Input for this task =>
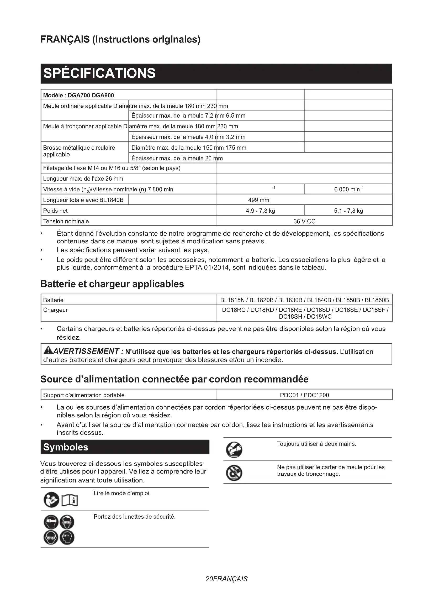 NOTE: Some items in the list may be included in the tool package as standard accessories. They may dier from country to country.20 FRANÇAIS FRANÇAIS (Instructions originales) SPÉCIFICATIONS Modèle : DGA700 DGA900 Meule ordinaire applicable Diamètre max. de la meule 180 mm 230 mm Épaisseur max. de la meule 7,2 mm 6,5 mm Meule à tronçonner applicable Diamètre max. de la meule 180 mm 230 mm Épaisseur max. de la meule 4,0 mm 3,2 mm Brosse métallique circulaire applicable Diamètre max. de la meule 150 mm 175 mm Épaisseur max. de la meule 20 mm Filetage de l’axe M14 ou M16 ou 5/8″ (selon le pays) Longueur max. de l’axe 26 mm Vitesse à vide (n
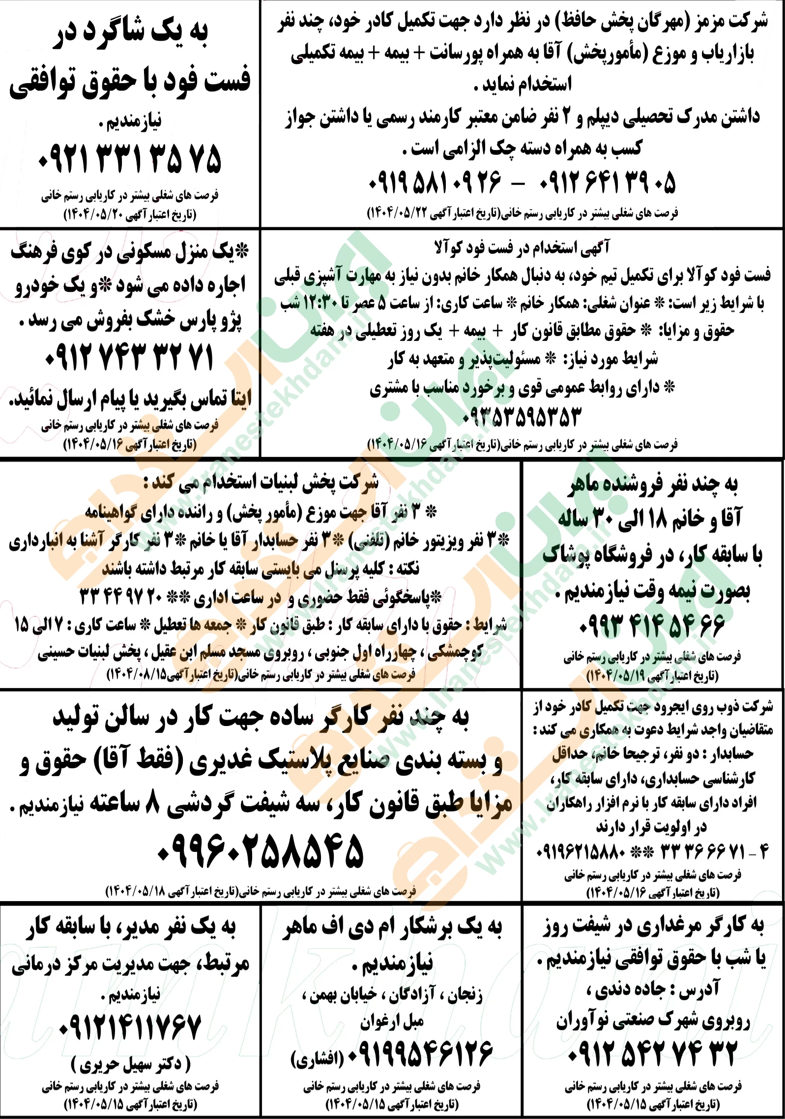 روزنامه استخدامی استان زنجان | چهارشنبه 15 مرداد 1404
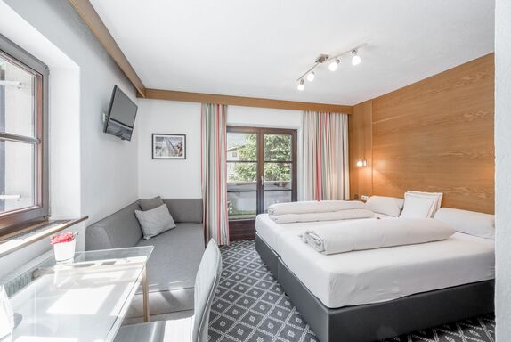 Genießen Sie unser liebevoll gestaltetes Zimmer aus Holz für bis zu 3 Personen. Ausgestattet mit Dusche/WC, Föhn, Radio, Telefon, Flachbildfernseher, Zimmersafe, Schlafcouch für eine weitere Person und Balkon. Größe ca. 20 m²
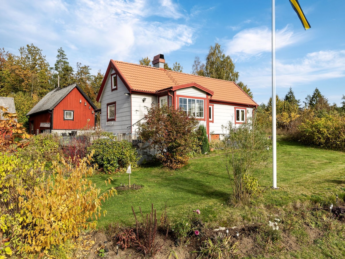 This Swedish country side house is a retreat to be in. It is the perfect place to relax close to nature. It has a wooden stove, nice open kitchen, living room and bedroom with glas doors that open to a big terras with private garden. The bedroom has a big double bed and a possibility for a child bed. There is a very comfortable bathroom with bath. Beautiful forests, lakes, playground, bakery (open on fridays), and regenerative veggie farm are just around the corner. PN: Limited public transport
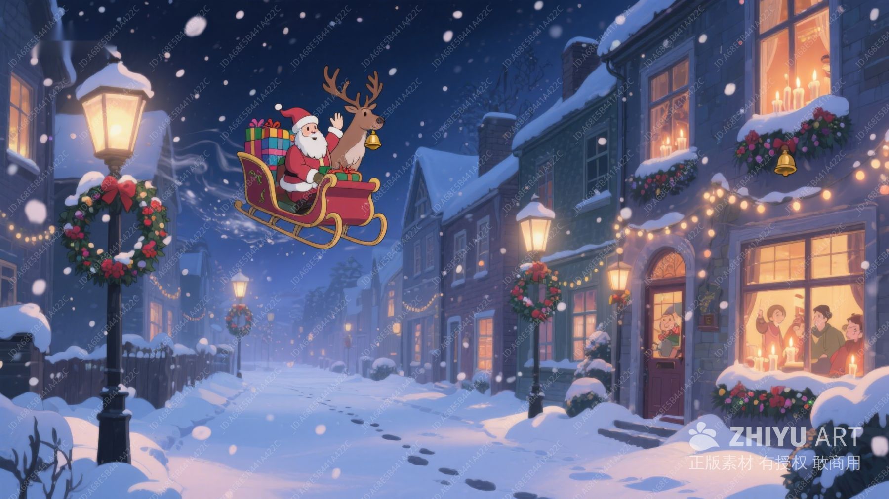 圣诞老人乘雪橇飞越雪夜小镇 200

Brief =>
Each line from the line containing "Genießen Sie unser" through the last line above must be written out exactly, and every picture must be omitted.

Written response =>
 Genießen Sie unser liebevoll gestaltetes Zimmer aus Holz für bis zu 3 Personen. Ausgestattet mit Dusche/WC, Föhn, Radio, Telefon, Flachbildfernseher, Zimmersafe, Schlafcouch für eine weitere Person und Balkon. Größe ca. 20 m²
 This Swedish country side house is a retreat to be in. It is the perfect place to relax close to nature. It has a wooden stove, nice open kitchen, living room and bedroom with glas doors that open to a big terras with private garden. The bedroom has a big double bed and a possibility for a child bed. There is a very comfortable bathroom with bath. Beautiful forests, lakes, playground, bakery (open on fridays), and regenerative veggie farm are just around the corner. PN: Limited public transport
 圣诞老人乘雪橇飞越雪夜小镇 200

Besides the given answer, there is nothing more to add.